Wieser went on to point out that new revelations about the size and extent of agency media rebates -- a subject that gained significant traction at the Association of National
Advertisers’ media conference, where former Madison Avenue media chief Jon Mandel turned whistleblower -- is significant enough to have tempered his long-term positive view on the advertising
agency business.
“Behind our favorable long-term view on agencies over the years was the notion that fragmentation and reliance on digital advertising helps agencies --
especially those with heavy exposure to media trading -- given the reliance on labor required for digital media, and value-added services such as branded content production, barter and programmatic
trading,” he wrote, adding: “However, we have reassessed our view in recent weeks with growing awareness of the topic of undisclosed agency rebates (aka “kickbacks”) in the
United States.
“The volume and specificity of allegations by aggrieved media owners, former agency executives and marketers are difficult to ignore. Rightly or wrongly, there
is a growing perception among marketers that agencies have been misleading, transferring value associated with media volumes without clients’ full understanding or support.”

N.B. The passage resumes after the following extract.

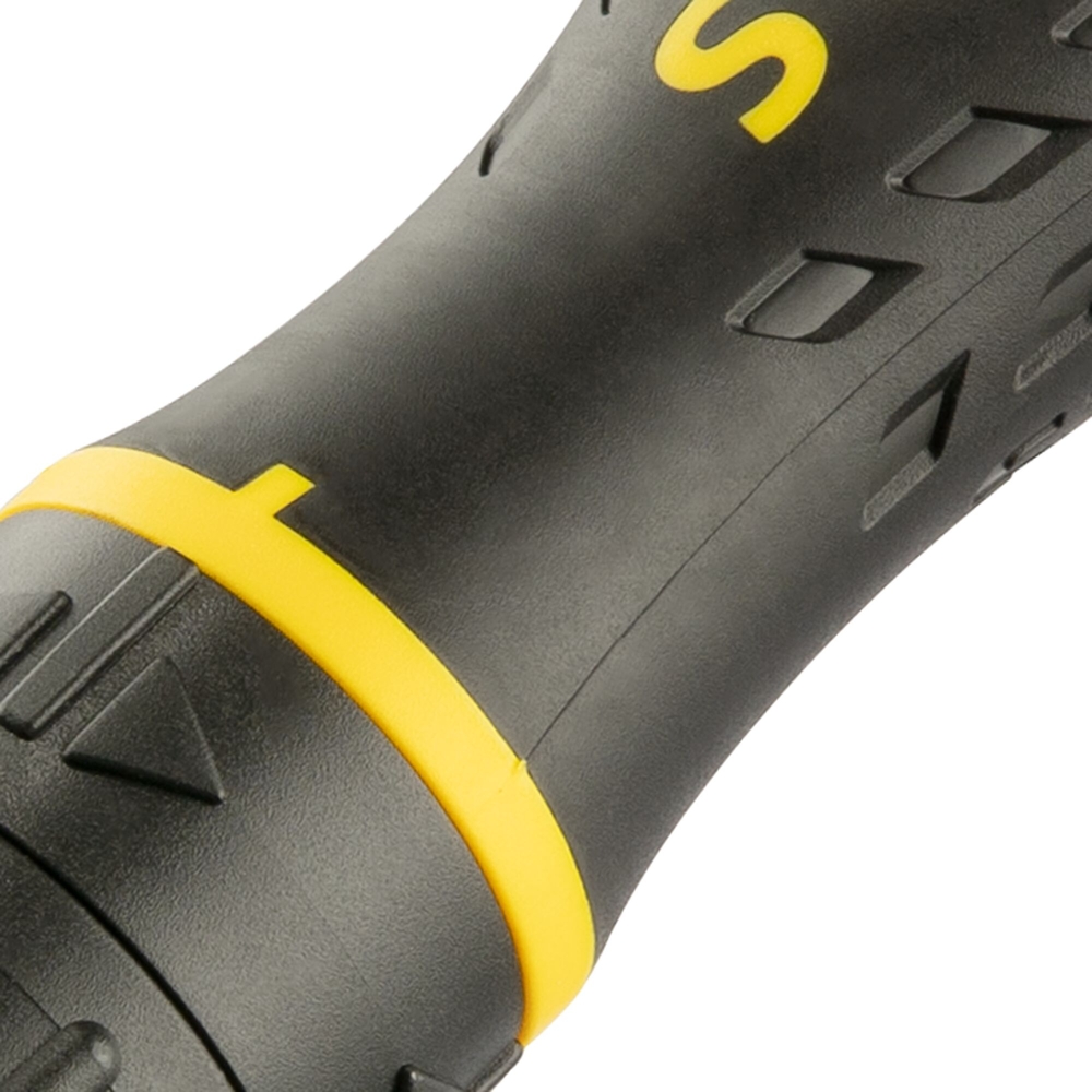 Ce tournevis à cliquet offre un mécanisme à trois positions pour visser, dévisser ou bloquer. Sa poignée bi-matière assurer un confort de prise, permettant un usage prolongé sans gêne. Avec son système de billes à roulement, le changement d'embouts est rapide et facile. Les embouts sont rangés à l’arrière et au sommet du manche, favorisant un accès rapide selon vos besoins.

Wieser implied that the real issue isn’t the nature of the rebate arrangements per se, but the fact that few marketers “fully understand the specific arrangements their agencies
undertake with media owners.”
Among the big agency holding companies, he opined that WPP probably is “most immunized” from the problem, mainly because WPP’s
management has been vocal and explicit about the non-transparency surrounding its business relationships with media suppliers.
In fact, WPP actually changed the accounting methods of its profitable unit Xaxis over the past year to reflect that it isn’t just
buying media for clients, but takes possession of it and resells it.

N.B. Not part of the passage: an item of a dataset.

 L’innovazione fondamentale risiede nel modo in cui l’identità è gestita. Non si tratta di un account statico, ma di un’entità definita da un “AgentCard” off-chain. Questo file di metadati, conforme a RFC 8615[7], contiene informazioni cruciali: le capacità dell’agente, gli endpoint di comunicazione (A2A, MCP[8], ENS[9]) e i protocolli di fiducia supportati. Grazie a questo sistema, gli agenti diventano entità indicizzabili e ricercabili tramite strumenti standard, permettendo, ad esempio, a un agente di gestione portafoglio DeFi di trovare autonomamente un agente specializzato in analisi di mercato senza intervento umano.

Alluding to a famous position taken by GroupM Global CEO Irwin Gotlieb about being
“transparent about being non-transparent,” Wieser wrote: “This is an appropriate position to take, even if under-paying clients don’t like to hear it.”

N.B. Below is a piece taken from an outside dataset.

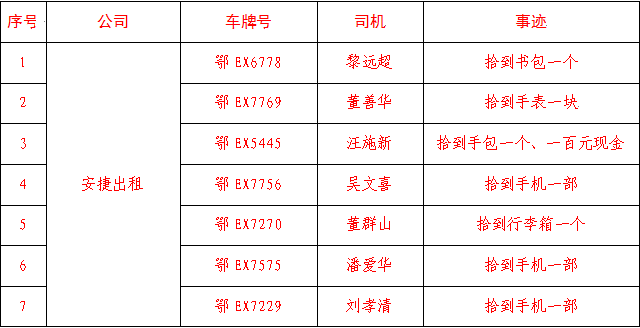 鄂EX5448驾驶员刘波(安捷出租):6月12日,刘师傅在车上拾得一个钱包,里面有多张银行卡、证件和少量现金,在与乘客取得联系,认真核对钱包内的物品信息后,刘师傅将钱包送还给失主。为刘师傅拾金不昧的精神点赞,特此表扬!

He characterized the fact that other agency holding companies have not made similar disclosures about rebates, spreads, margins and the overall lack of disclosure between their “gross
revenue vs. revenues net of media trading” as “unfortunate,” and implied it puts them in especially vulnerable positions vis a vis their clients.
“How much of
a haircut to growth might follow is subjective, not least as we don’t know the scale of revenues and cash flows at risk,” he continued, adding that the situation is serious enough to at
least warrant a 0.5% reduction in the long-term growth of Madison Avenue’s Big 3: WPP, Omnicom and Publicis. He downgraded Interpublic’s long-term growth by 0.25%.
“As marketers
become more vocal about undisclosed rebates and more specific allegations come to light, a drumbeat of negativity will build around the sector over the course of this year,” he concluded,
adding: “Given this risk, we’d recommend that investors move to the sidelines or exit the sector altogether while it all plays out.”